Input data:
======
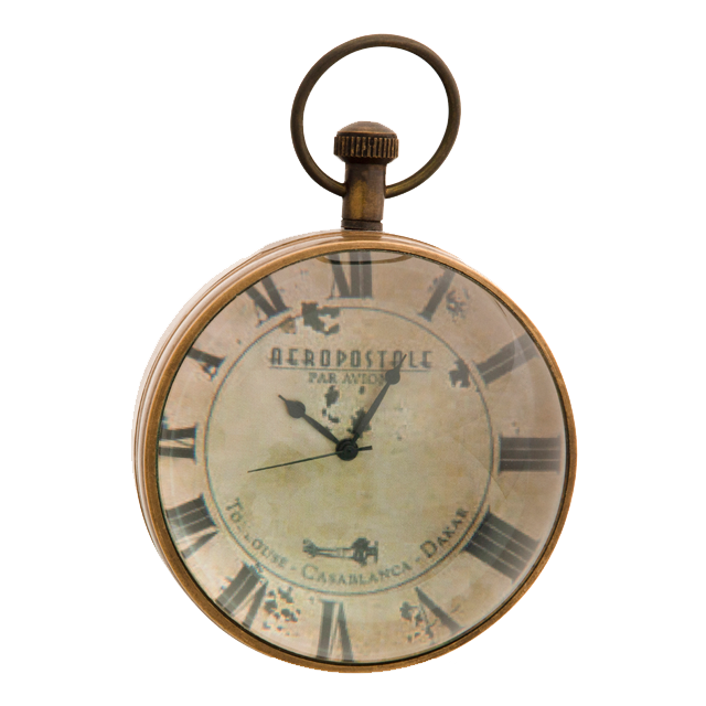탁상시계로 변신한 회중시계, 확대된 다이얼과 바늘을 보여주는 볼록한 광학 유리 돋보기등
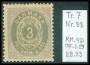 1875. 3 øre ultramarin/grå tryk 7 pos. 33 med ovalfejl.
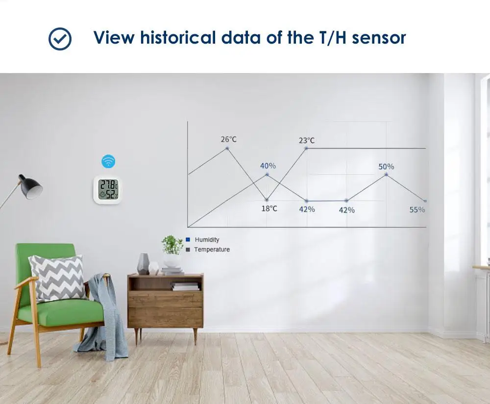Датчик работает от батареи. Датчик будет контролировать температуру и влажность в режиме реального времени. Датчик сообщит, когда температура и влажность изменятся очень незначительно. Вы можете просматривать изменения значения в приложении или на экране дисплея. Запишите изменения температуры и влажности в приложении и используйте графику, чтобы показать вам.
======
Work required:
From the line containing "1875. 3 øre" through the last line of the listing, inclusive, transcribe every line exactly and nothing else; the pictures stay out.

The completed task:
 1875. 3 øre ultramarin/grå tryk 7 pos. 33 med ovalfejl.
Датчик работает от батареи. Датчик будет контролировать температуру и влажность в режиме реального времени. Датчик сообщит, когда температура и влажность изменятся очень незначительно. Вы можете просматривать изменения значения в приложении или на экране дисплея. Запишите изменения температуры и влажности в приложении и используйте графику, чтобы показать вам.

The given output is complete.